REPowerEU: Renewables industry calls for ‘bolder action’ on cleantech innovation
Posted 06/06/2022 13:25
Ocean Energy Europe (OEE) has signed a joint letter supporting the objectives of the REPowerEU Plan to phase out Europe’s dependency on fossil fuels faster, calling also for ‘bolder action’ on the accelerated roll-out of renewable energy.
The signatories of the joint letter – including OEE, Cleantech for Europe, Ecos, and Clean Air Task Force, among others – welcomed the REPowerEU commitments, but stressed that they believe the bolder action can be made, and specifically that concrete strategies should be put in place to accelerate the deployment of the clean technologies needed to enable a renewable-heavy energy mix.

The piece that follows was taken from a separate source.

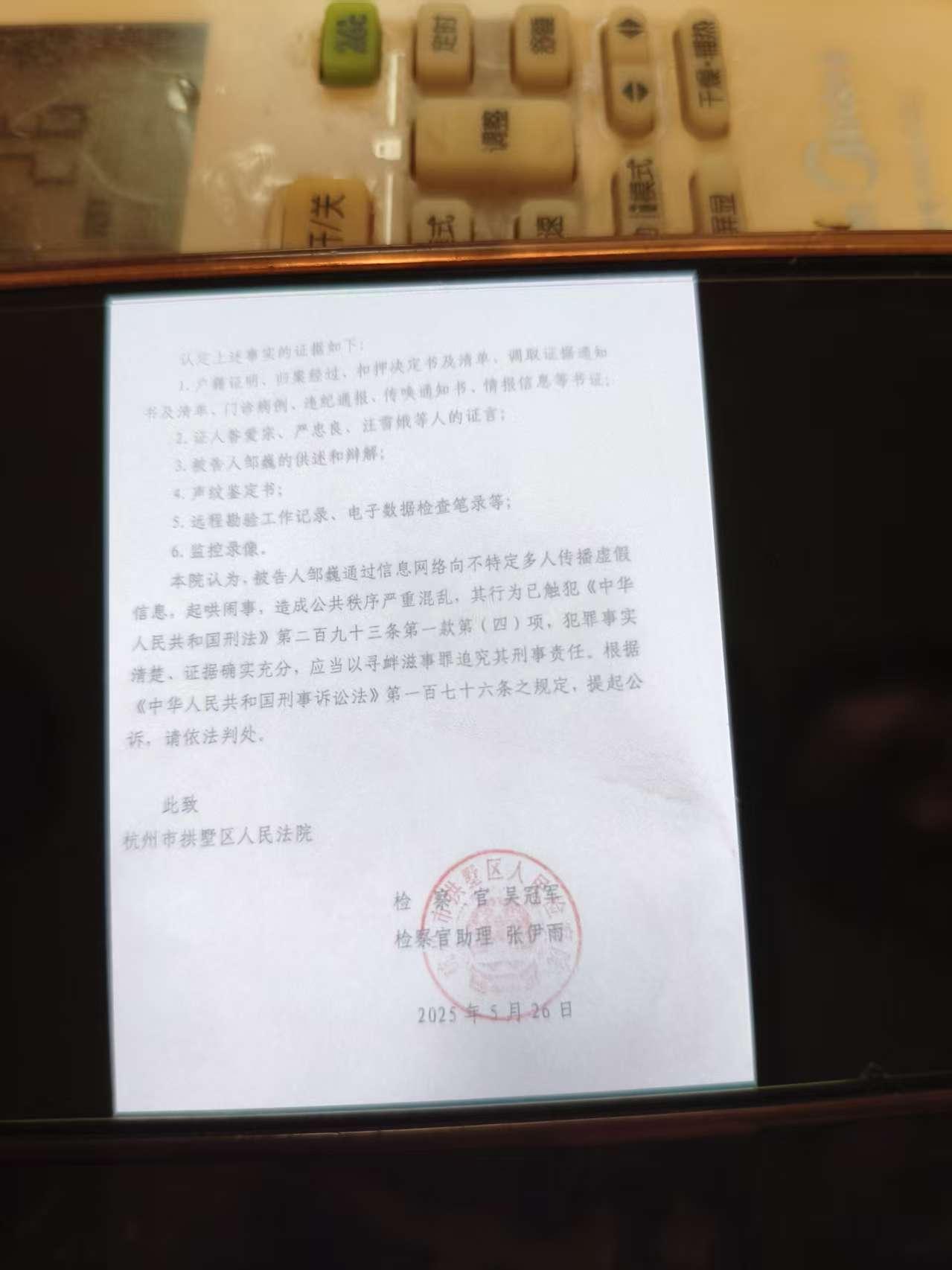 From 2007 to 2023, in order to “achieve personal goals and expand his social influence to attract public attention,” the defendant Zou Wei repeatedly used overseas media platforms, including Radio Free Asia, to publicly disseminate false information concerning major national and social events while residing in Gongshu District, Hangzhou, and other locations.The prosecution alleges that such actions “damaged the image of the state and seriously endangered national interests.”

According to the organizations, the increased 2030 renewables targets, a new strategy to double solar photovoltaic capacity by 2025, the simplification of permitting for major renewable projects with ‘go-to’ areas, and a legal obligation to install solar panels on new buildings are all strong drivers of innovation in the delivery of onsite and utility scale renewable generation as part of the REPowerEU.

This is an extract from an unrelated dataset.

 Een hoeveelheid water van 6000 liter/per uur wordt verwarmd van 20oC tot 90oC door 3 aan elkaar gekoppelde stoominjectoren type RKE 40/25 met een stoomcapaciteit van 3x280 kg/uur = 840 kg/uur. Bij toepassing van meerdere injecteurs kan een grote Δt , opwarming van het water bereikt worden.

“This urgent increase in renewable power is a cornerstone in the delivery of REPowerEU’s target of 10 million tonnes of domestic renewable hydrogen production by 2030, to replace natural gas, coal and oil in hard-to-electrify industries and transport such as aviation and shipping. Additional funding for hydrogen storage infrastructure and research through REPowerEU is also welcome,” the signatories of the letter said.
However, the organizations have called on bolder action on long-duration energy storage, innovative renewables and smart grid technologies, which could benefit from clear and binding targets, stating the following:
- Concrete strategies should be put in place to accelerate the deployment of the clean technologies needed to enable a renewable-heavy energy mix. Long-duration energy storage, innovative renewables and smart grid technologies in particular need clear and binding targets.
- Financing the transition should not come at the expense of the Climate Law. Selling additional ETS allowances does jeopardize that and introduces an instability in the carbon price just as businesses are reacting to new long-term signals. The use of the ETS Market Stability Reserve as a funding source is likely to increase emissions, undermine the credibility of the ETS, reduce the carbon price, and create market unpredictability and thereby disincentivize clean technology investments and climate innovation.
- The REPowerEU plan still over-relies on building new fossil fuel infrastructure and yet research by E3G, RAP, Bellona and Ember, clearly shows that this is not needed and will create stranded assets in our net-zero emissions future.